EXERCISE DESCRIPTION
Please repeat the entire listing verbatim and keep the pictures out.

INFORMATION SUPPLIED
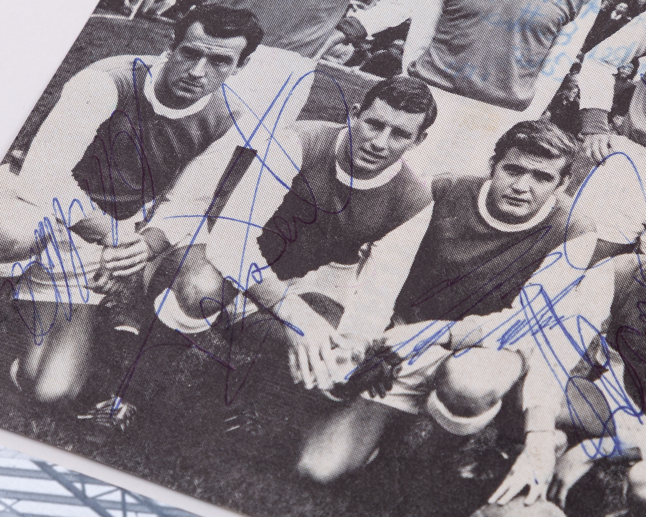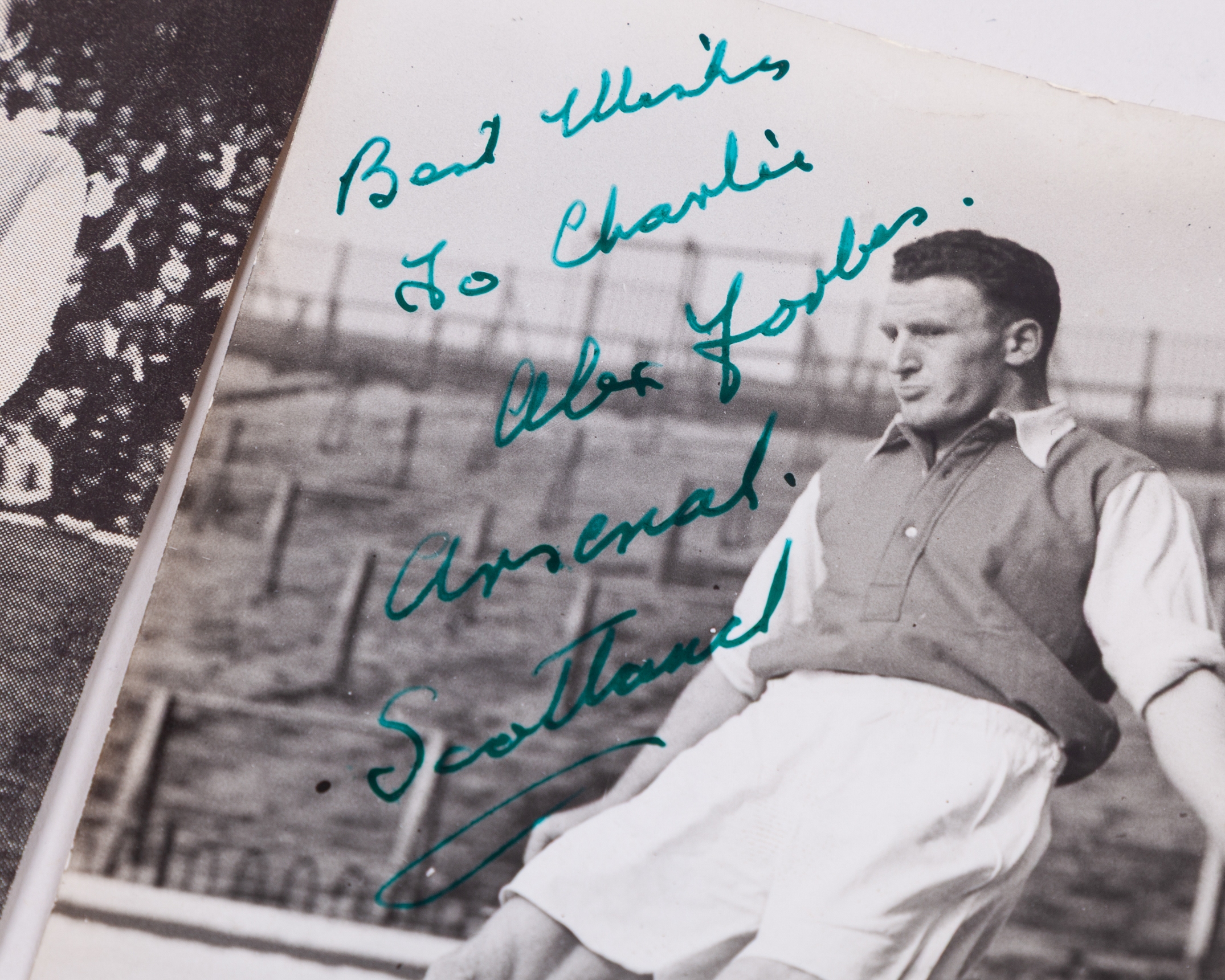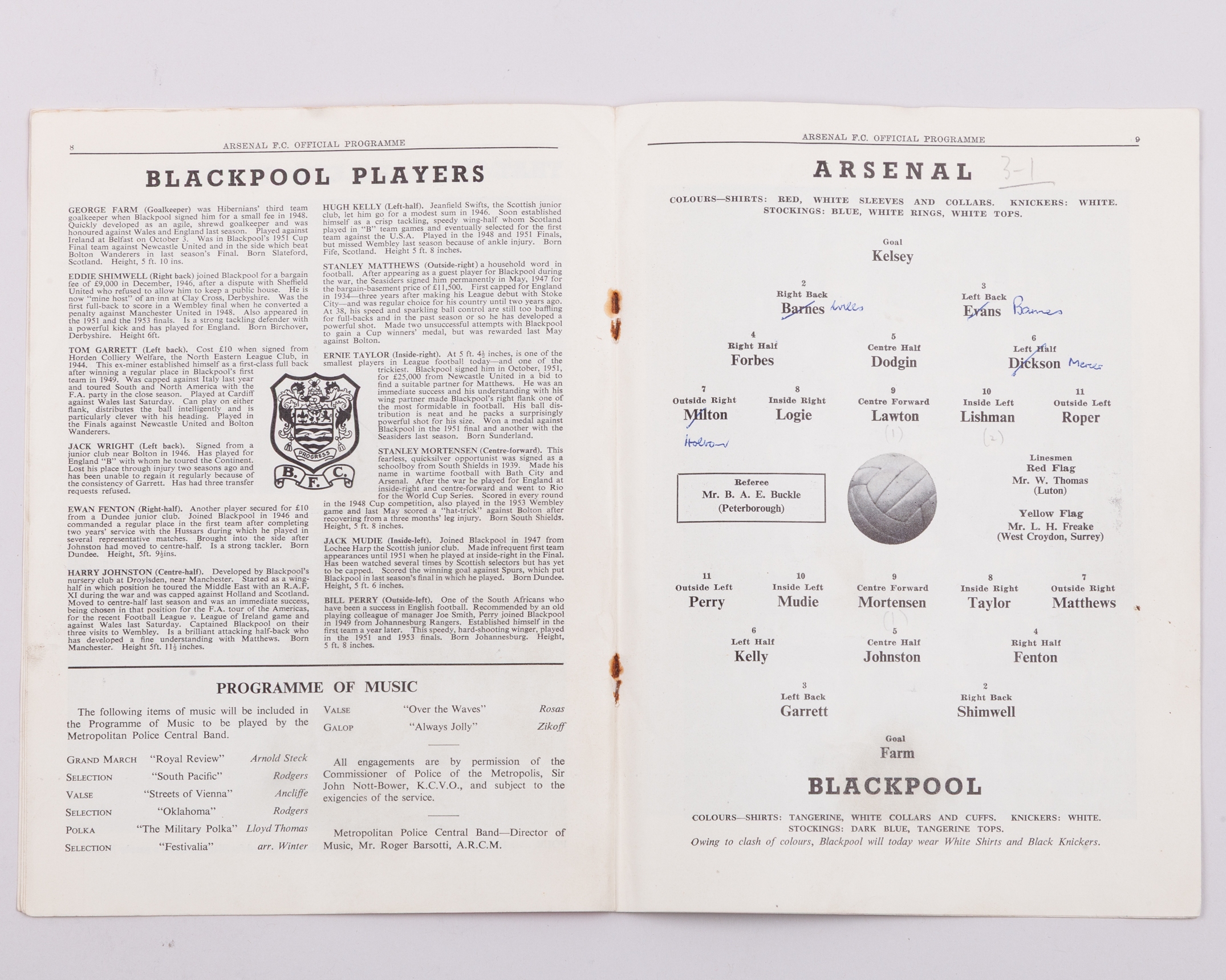 Selection of Arsenal autographs including a 1960s team line-up, with eight autographs and COA, Charlie George first day cover, five Arsenal programmes including Arsenal v. Blackpool 8th February 1947, Arsenal v. Preston North End 31st January 1948, Arsenal v. Blackpool Charity Shield 12th October 1953 etc., a few with annotations
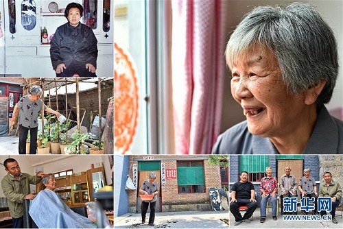申愛苗,女,1949年出生,山西省長治市潞城區(qū)辛安村人,全家5口人靠種植9畝田地為生,2015年因丈夫和兒子相繼患病而失去收入來源,生活貧困。2016年,在當(dāng)?shù)卣膸椭?,申愛苗的兒子參加了脫貧技能培?xùn)并在村里開了一家理發(fā)店。2018年全家脫貧。 右上:申愛苗肖像;左上:申愛苗1995年在家里的舊照;左中:申愛苗在院子里給植物澆水;左下:申愛苗讓兒子給自己理發(fā);下中:申愛苗在清理院子;下右:申愛苗(右二)和家人在院子里合影(拼版照片,6月11日攝)。 地處晉東南的山西省長治市,位于由太行山、太岳山環(huán)繞而成的上黨盆地中。在群山中、崖壁上,許多村莊自然條件惡劣,基礎(chǔ)設(shè)施落后,脫貧致富是大山深處人們的迫切心愿。 近年來,一場場脫貧攻堅戰(zhàn),在一個個深山村打響。政府全力探索脫貧路徑的同時,山區(qū)百姓因地制宜,靠自己的雙手和智慧走上致富路,交出了一份扎實的脫貧答卷。 記者在太行山、太岳山一路尋訪,記錄下多位70歲老人的生活。這些共和國的同齡人,親歷了山鄉(xiāng)的巨變,見證著長治山區(qū)脫貧攻堅偉大工程的一步步推進(jìn)。 新華社記者 曹陽 攝
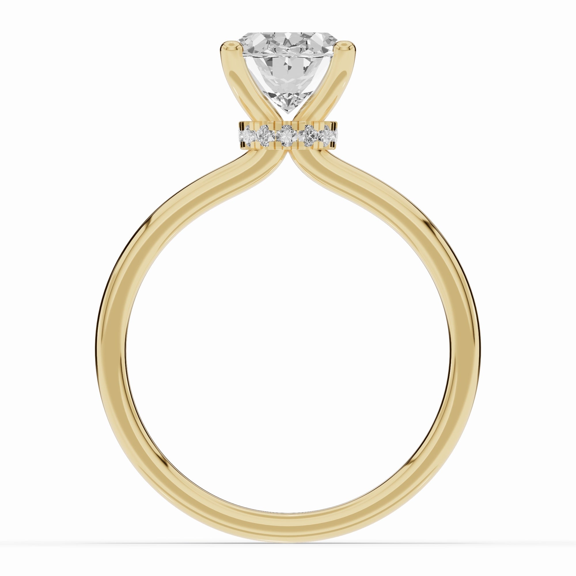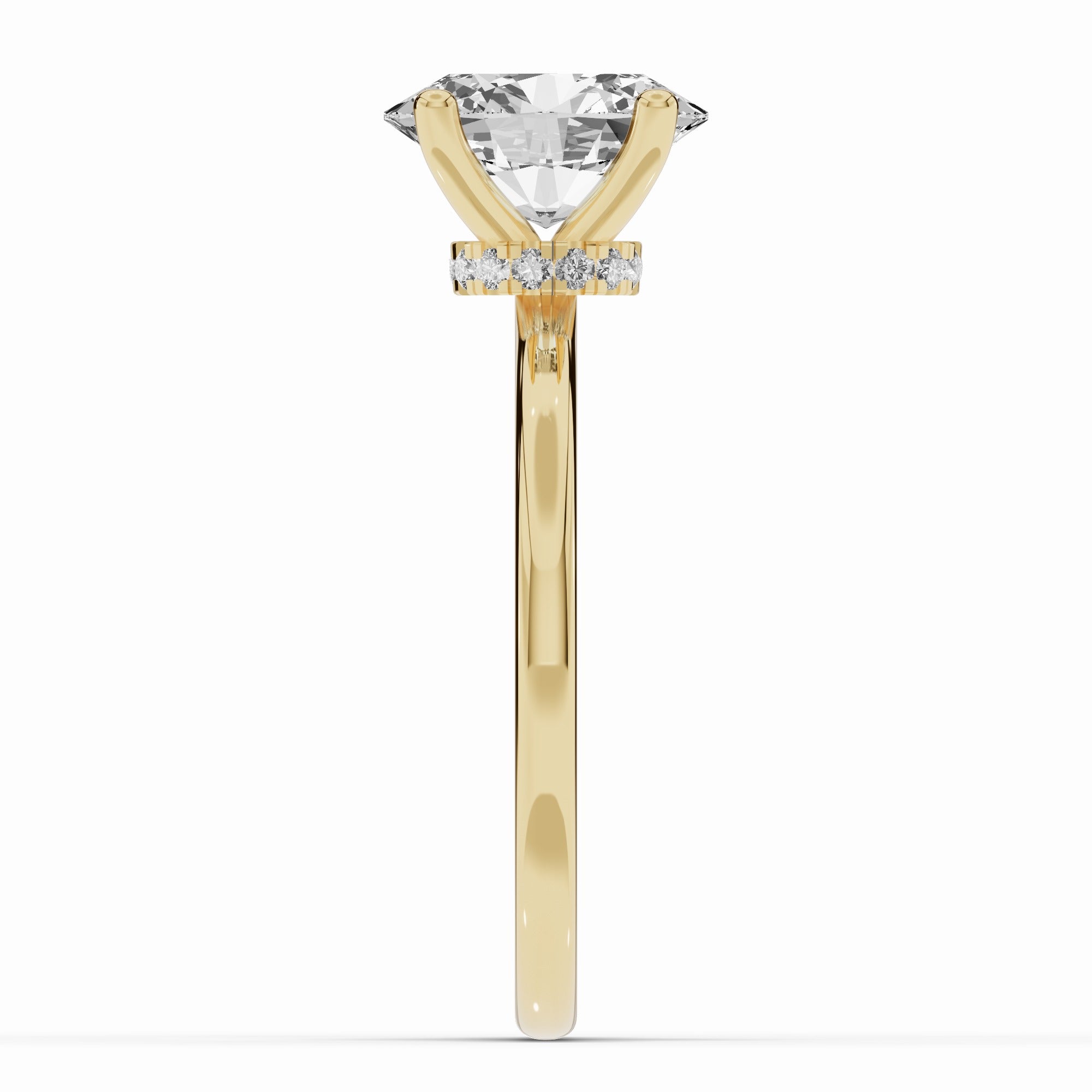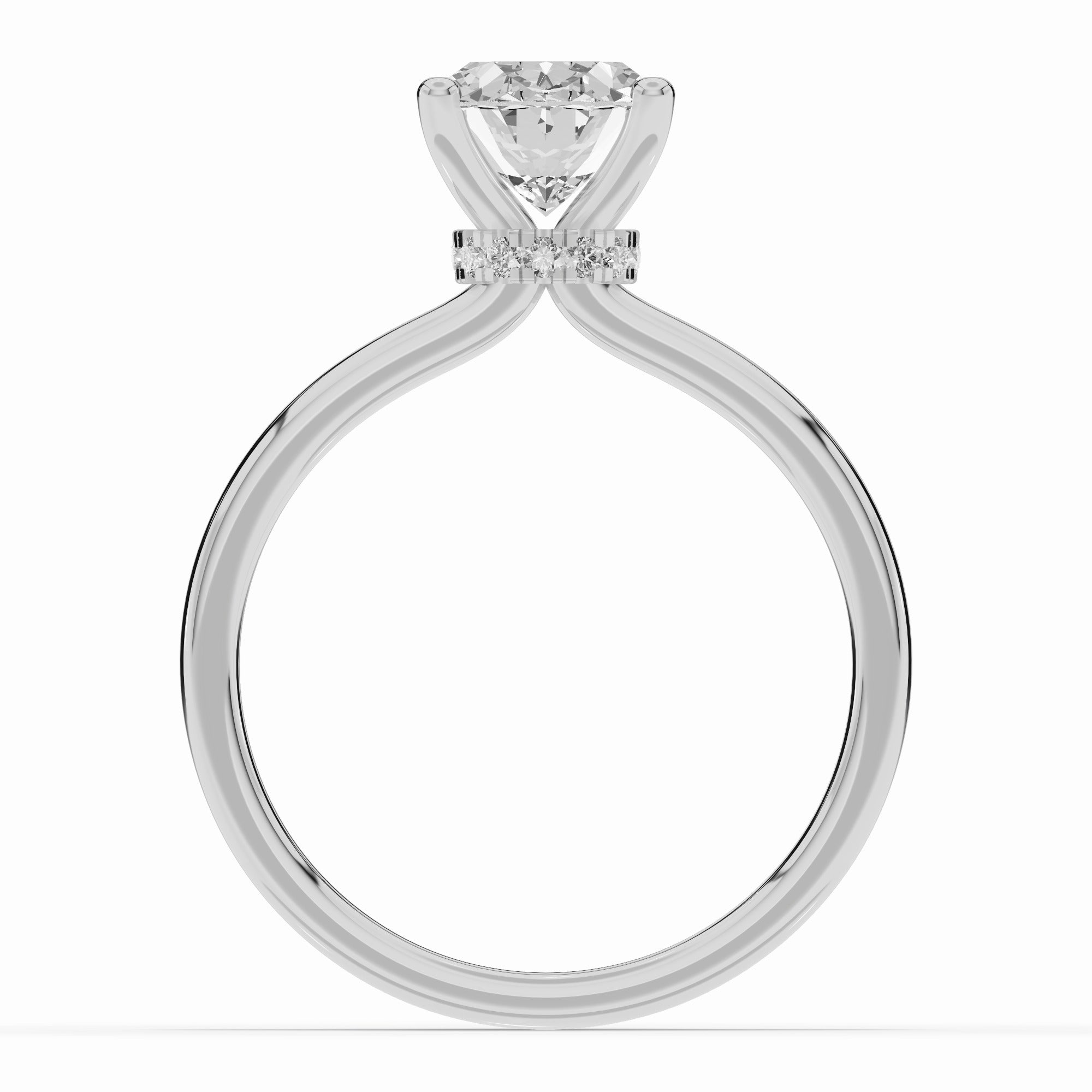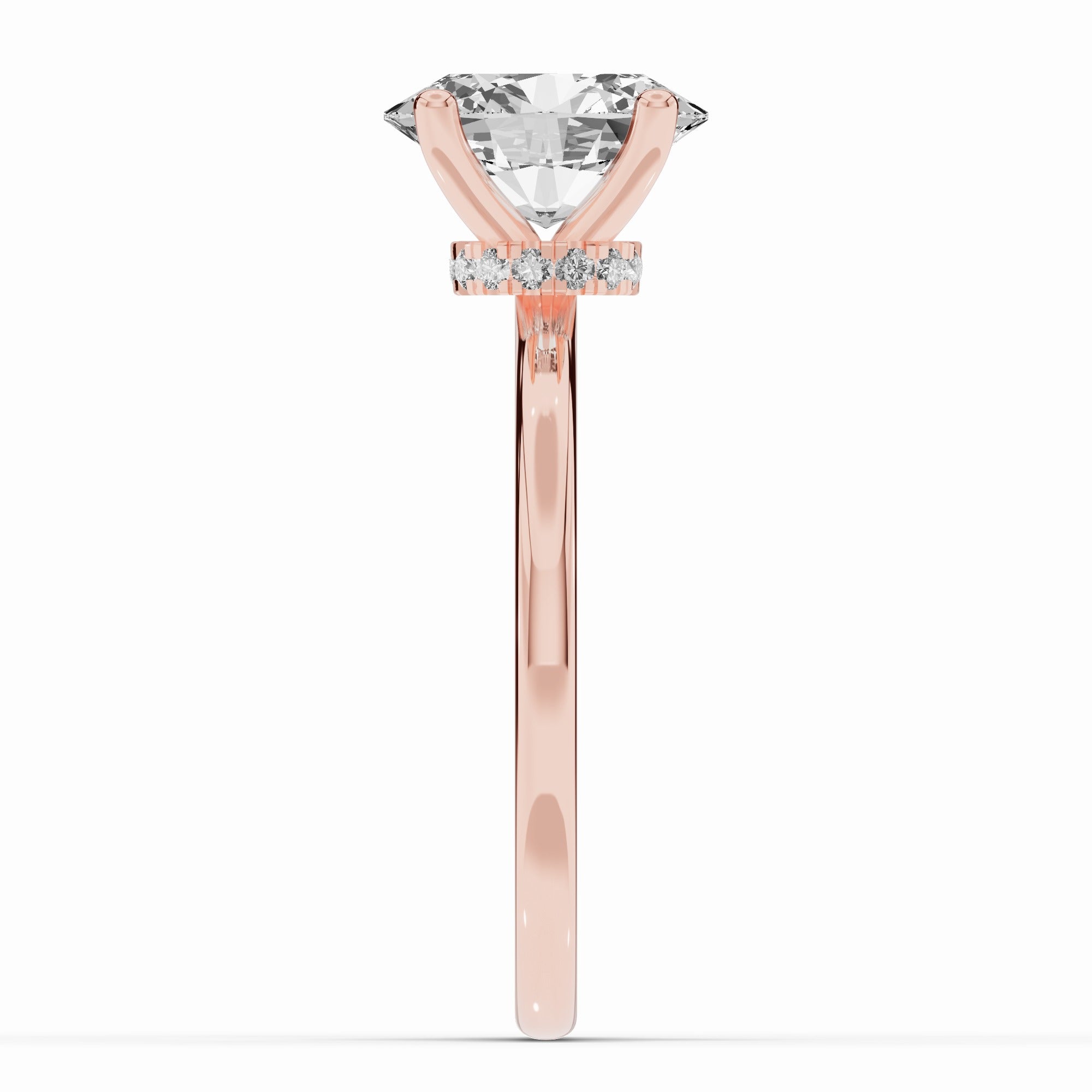 What makes this ring truly special is the delicate pavé crown beneath the center stone — a hidden circle of diamonds that glows softly like a tiara just for the wearer. With every movement, this secret detail catches the light, adding a private sparkle that elevates the design beyond a traditional solitaire.

YOUR RESPONSE
 Selection of Arsenal autographs including a 1960s team line-up, with eight autographs and COA, Charlie George first day cover, five Arsenal programmes including Arsenal v. Blackpool 8th February 1947, Arsenal v. Preston North End 31st January 1948, Arsenal v. Blackpool Charity Shield 12th October 1953 etc., a few with annotations
申愛苗,女,1949年出生,山西省長治市潞城區(qū)辛安村人,全家5口人靠種植9畝田地為生,2015年因丈夫和兒子相繼患病而失去收入來源,生活貧困。2016年,在當(dāng)?shù)卣膸椭?,申愛苗的兒子參加了脫貧技能培?xùn)并在村里開了一家理發(fā)店。2018年全家脫貧。 右上:申愛苗肖像;左上:申愛苗1995年在家里的舊照;左中:申愛苗在院子里給植物澆水;左下:申愛苗讓兒子給自己理發(fā);下中:申愛苗在清理院子;下右:申愛苗(右二)和家人在院子里合影(拼版照片,6月11日攝)。 地處晉東南的山西省長治市,位于由太行山、太岳山環(huán)繞而成的上黨盆地中。在群山中、崖壁上,許多村莊自然條件惡劣,基礎(chǔ)設(shè)施落后,脫貧致富是大山深處人們的迫切心愿。 近年來,一場場脫貧攻堅戰(zhàn),在一個個深山村打響。政府全力探索脫貧路徑的同時,山區(qū)百姓因地制宜,靠自己的雙手和智慧走上致富路,交出了一份扎實的脫貧答卷。 記者在太行山、太岳山一路尋訪,記錄下多位70歲老人的生活。這些共和國的同齡人,親歷了山鄉(xiāng)的巨變,見證著長治山區(qū)脫貧攻堅偉大工程的一步步推進(jìn)。 新華社記者 曹陽 攝
 What makes this ring truly special is the delicate pavé crown beneath the center stone — a hidden circle of diamonds that glows softly like a tiara just for the wearer. With every movement, this secret detail catches the light, adding a private sparkle that elevates the design beyond a traditional solitaire.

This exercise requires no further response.